Newcrest confirms $25b takeover bid from US mining giant Newmont Corp

By Nick Toscano

Top Australian gold miner Newcrest’s shares have soared after the company received a takeover offer from US-based Newmont Corporation, the world’s largest listed gold producer.

Newcrest received the non-binding bid from Newmont over the weekend to acquire all of its shares via an all-scrip deal, the Melbourne-based company confirmed in a statement to the ASX on Monday.
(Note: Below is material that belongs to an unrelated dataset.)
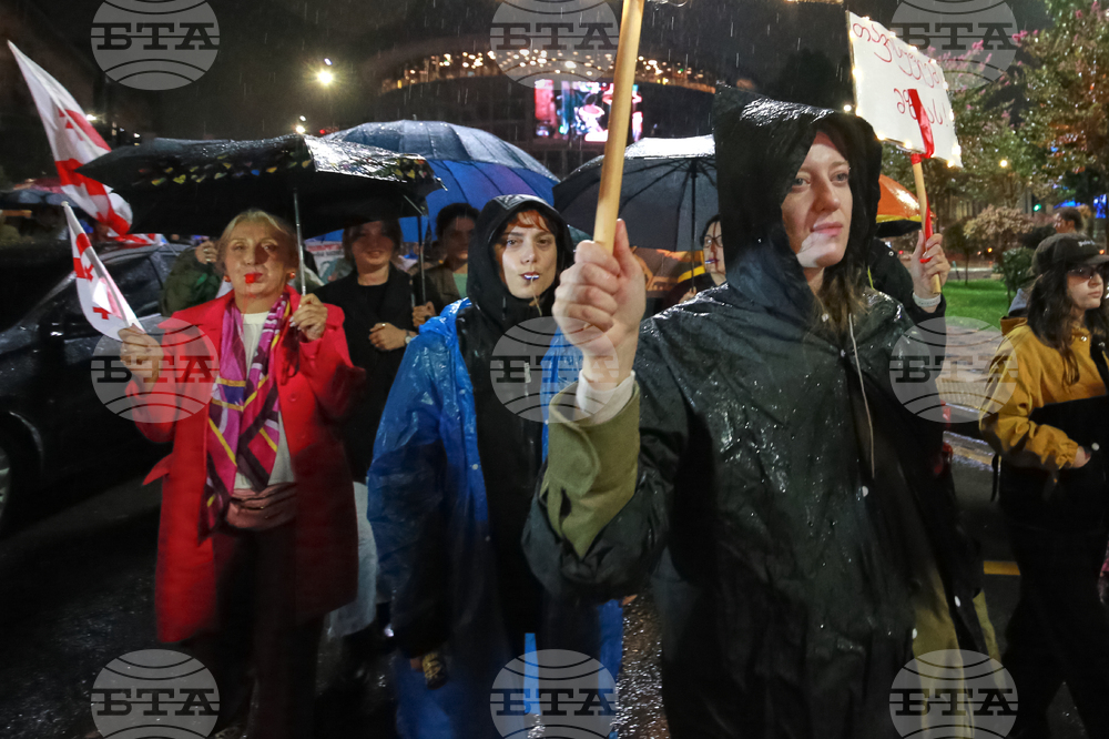 Protesters gather in the city center of Tbilisi, Georgia, Wednesday, Oct. 1, 2025 to denounce Georgian government's anti European stance and call for the release of prisoners detained as part of a crackdown on political opponents. (AP Photo/Zurab Tsertsvadze)

The offer would entitle Newcrest shareholders to receive 0.380 Newmont shares for each Newcrest share they own, implying a value of nearly $US17 billion ($24.5 billion).

Newcrest’s flagship Cadia gold mine near Orange, NSW.
Newcrest’s flagship Cadia gold mine near Orange, NSW.Credit:Rob Homer

News of the takeover bid sent Newcrest shares rallying more than 10 per cent on Monday morning to beyond $24, their highest level since mid-2022.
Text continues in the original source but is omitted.